When you retype the data, keep every word exactly and include none of the pictures.

--- EXTRACTED RECORDS Enclosed Below ---

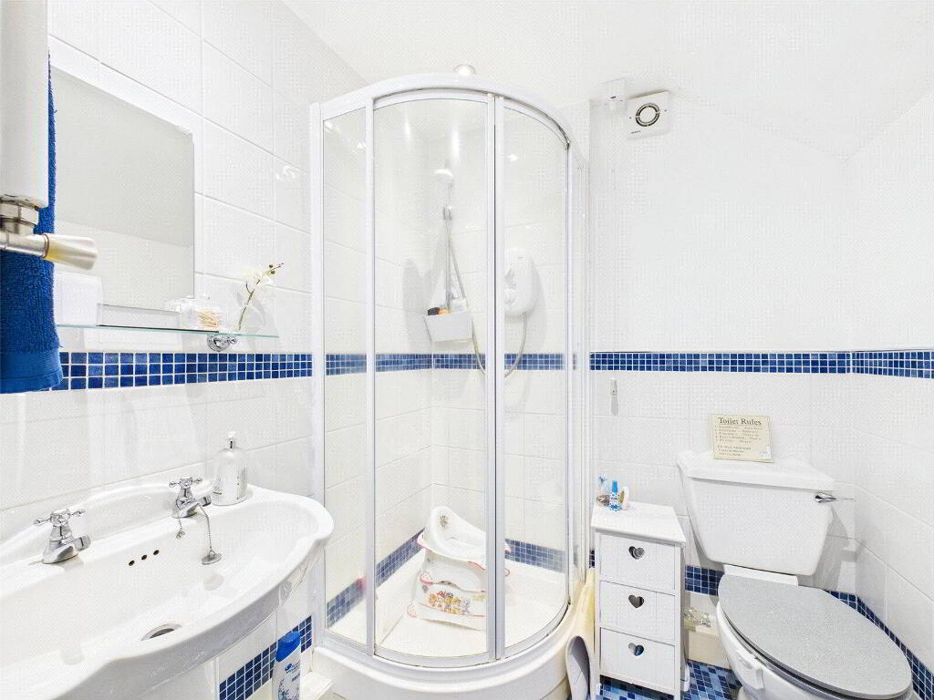 A fitted suite comprising shower cubicle with "Mira" electric shower over, pedestal wash hand basin, close coupled WC and heated towel rail.
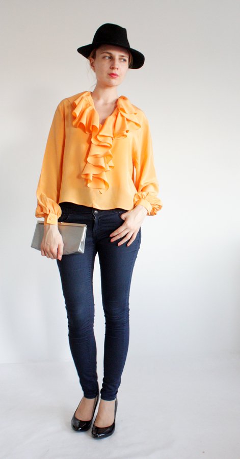 Niezwykła bluzka w morelowym kolorze. Materiał to prawdopodobnie jedwab naturalny.
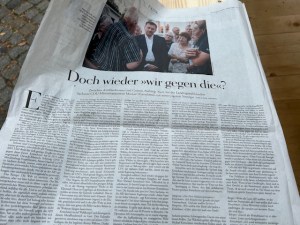 Innenschau war diesmal angesagt. Selbstbefragung der Darsteller und was Theater bewirken kann noch in der heutigen multimedialen Zeit voller anderer, virtueller Anreize und Angebote. Immer schneller und gehetzter bewegen sich auch die Schauspieler, laufen im Kreis… Ein Angebot jagt das nächste… immer in der Hoffnung auf viel Zuspruch und Erfolg beim Publikum. Spielen und verkaufen. „Ich würde mal wieder Urlaub machen… innerlich“, sagt Anna-Katharina Muck. „Urlaub in mir“, findet auch Lux toll. Es geht um das Schöne und Schwierige des Moments zwischen On-Off. „Der Moment, bevor man auf die Bühne geht. Der schmale Raum, wo man schon fast die Figur und nicht mehr privat ist“, so Muck Das sei wie wenn man um jemand trauert, sagte ihr einmal eine Kollegin. Ein Satz, der aufhorchen ließ, erstaunte und berührte. Gibt man nicht in allem, was man tut, ein Stück von sich her, ohne zu wissen ob und wie es zurückkommt? Schauspieler spüren das noch mehr und intensiver, wenn sie mit ihrem Körper und Stimme auf der Bühne stehen, in der Rolle aufgehen. immer wieder spielen, sich selbst loslassen und wieder finden, neu erfinden, ohne sich zu verlieren…
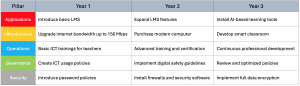 Once a school has defined its current and future ICT system, the next step is to create a transition plan. This plan is organized using a Transition Matrix, which outlines the goals for each pillar over a specific timeframe.
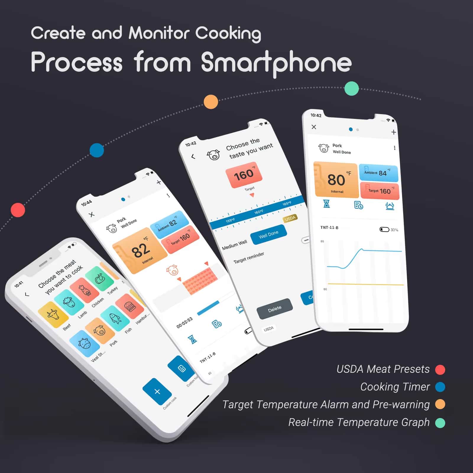 The Bluetooth 5.0 technology provides a reliable connection up to 98 feet away, allowing you to monitor your cooking from virtually anywhere in your home or outdoor area.
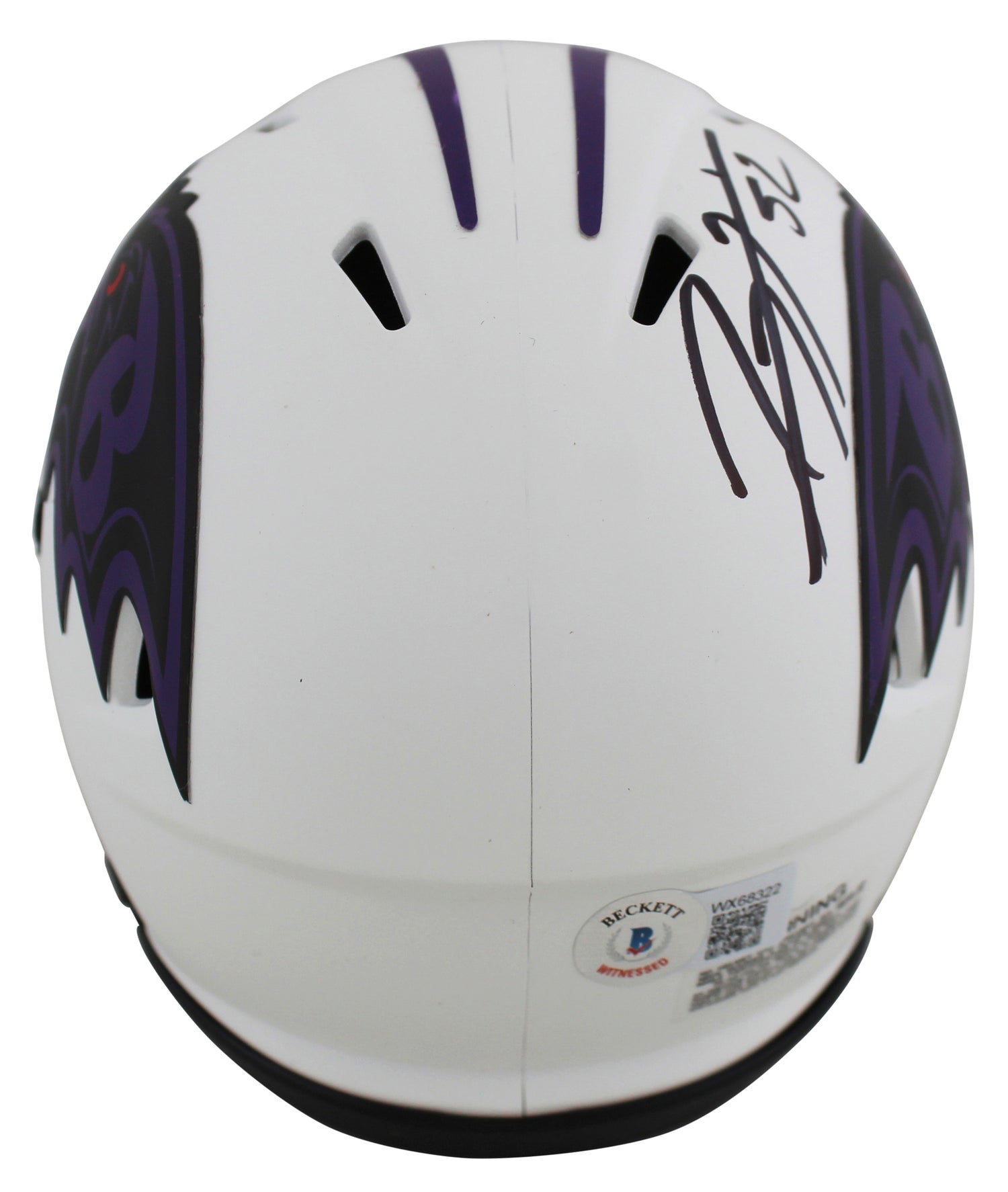 Own a piece of football history with this Ray Lewis Autographed Baltimore Ravens Alternate Lunar Speed Mini Helmet. A true collector's item, this helmet has been personally signed by Ray Lewis, one of the most dominant linebackers in NFL history. Certified 100% authentic by Beckett Authentication Services (BAS), this autographed mini helmet is perfect for die-hard Ravens fans and memorabilia collectors alike.
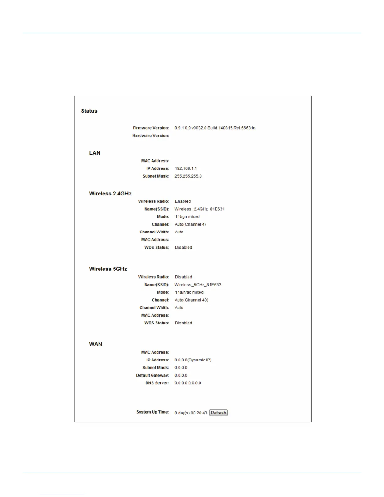 The Status page provides the current status information about the router. All information is read-only.
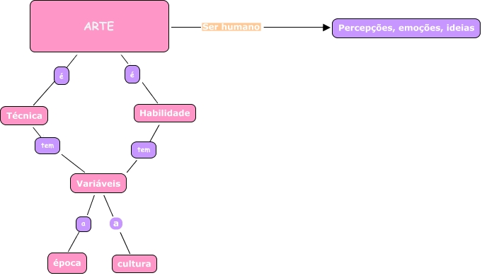 Esse mapa conceitual, produzido no IHMC CmapTools, tem a informação relacionada a: RobiancaMunaretti, Variáveis época, ARTE Ser humano Percepções, emoções, ideias, ARTE Habilidade, ARTE Técnica, Habilidade Variáveis, Técnica Variáveis, Variáveis a cultura

--- End of Enclosed EXTRACTED RECORDS ---

**REPLY TO THE TASK**
 A fitted suite comprising shower cubicle with "Mira" electric shower over, pedestal wash hand basin, close coupled WC and heated towel rail.
 Niezwykła bluzka w morelowym kolorze. Materiał to prawdopodobnie jedwab naturalny.
 Innenschau war diesmal angesagt. Selbstbefragung der Darsteller und was Theater bewirken kann noch in der heutigen multimedialen Zeit voller anderer, virtueller Anreize und Angebote. Immer schneller und gehetzter bewegen sich auch die Schauspieler, laufen im Kreis… Ein Angebot jagt das nächste… immer in der Hoffnung auf viel Zuspruch und Erfolg beim Publikum. Spielen und verkaufen. „Ich würde mal wieder Urlaub machen… innerlich“, sagt Anna-Katharina Muck. „Urlaub in mir“, findet auch Lux toll. Es geht um das Schöne und Schwierige des Moments zwischen On-Off. „Der Moment, bevor man auf die Bühne geht. Der schmale Raum, wo man schon fast die Figur und nicht mehr privat ist“, so Muck Das sei wie wenn man um jemand trauert, sagte ihr einmal eine Kollegin. Ein Satz, der aufhorchen ließ, erstaunte und berührte. Gibt man nicht in allem, was man tut, ein Stück von sich her, ohne zu wissen ob und wie es zurückkommt? Schauspieler spüren das noch mehr und intensiver, wenn sie mit ihrem Körper und Stimme auf der Bühne stehen, in der Rolle aufgehen. immer wieder spielen, sich selbst loslassen und wieder finden, neu erfinden, ohne sich zu verlieren…
 Once a school has defined its current and future ICT system, the next step is to create a transition plan. This plan is organized using a Transition Matrix, which outlines the goals for each pillar over a specific timeframe.
 The Bluetooth 5.0 technology provides a reliable connection up to 98 feet away, allowing you to monitor your cooking from virtually anywhere in your home or outdoor area.
 Own a piece of football history with this Ray Lewis Autographed Baltimore Ravens Alternate Lunar Speed Mini Helmet. A true collector's item, this helmet has been personally signed by Ray Lewis, one of the most dominant linebackers in NFL history. Certified 100% authentic by Beckett Authentication Services (BAS), this autographed mini helmet is perfect for die-hard Ravens fans and memorabilia collectors alike.
 The Status page provides the current status information about the router. All information is read-only.
 Esse mapa conceitual, produzido no IHMC CmapTools, tem a informação relacionada a: RobiancaMunaretti, Variáveis época, ARTE Ser humano Percepções, emoções, ideias, ARTE Habilidade, ARTE Técnica, Habilidade Variáveis, Técnica Variáveis, Variáveis a cultura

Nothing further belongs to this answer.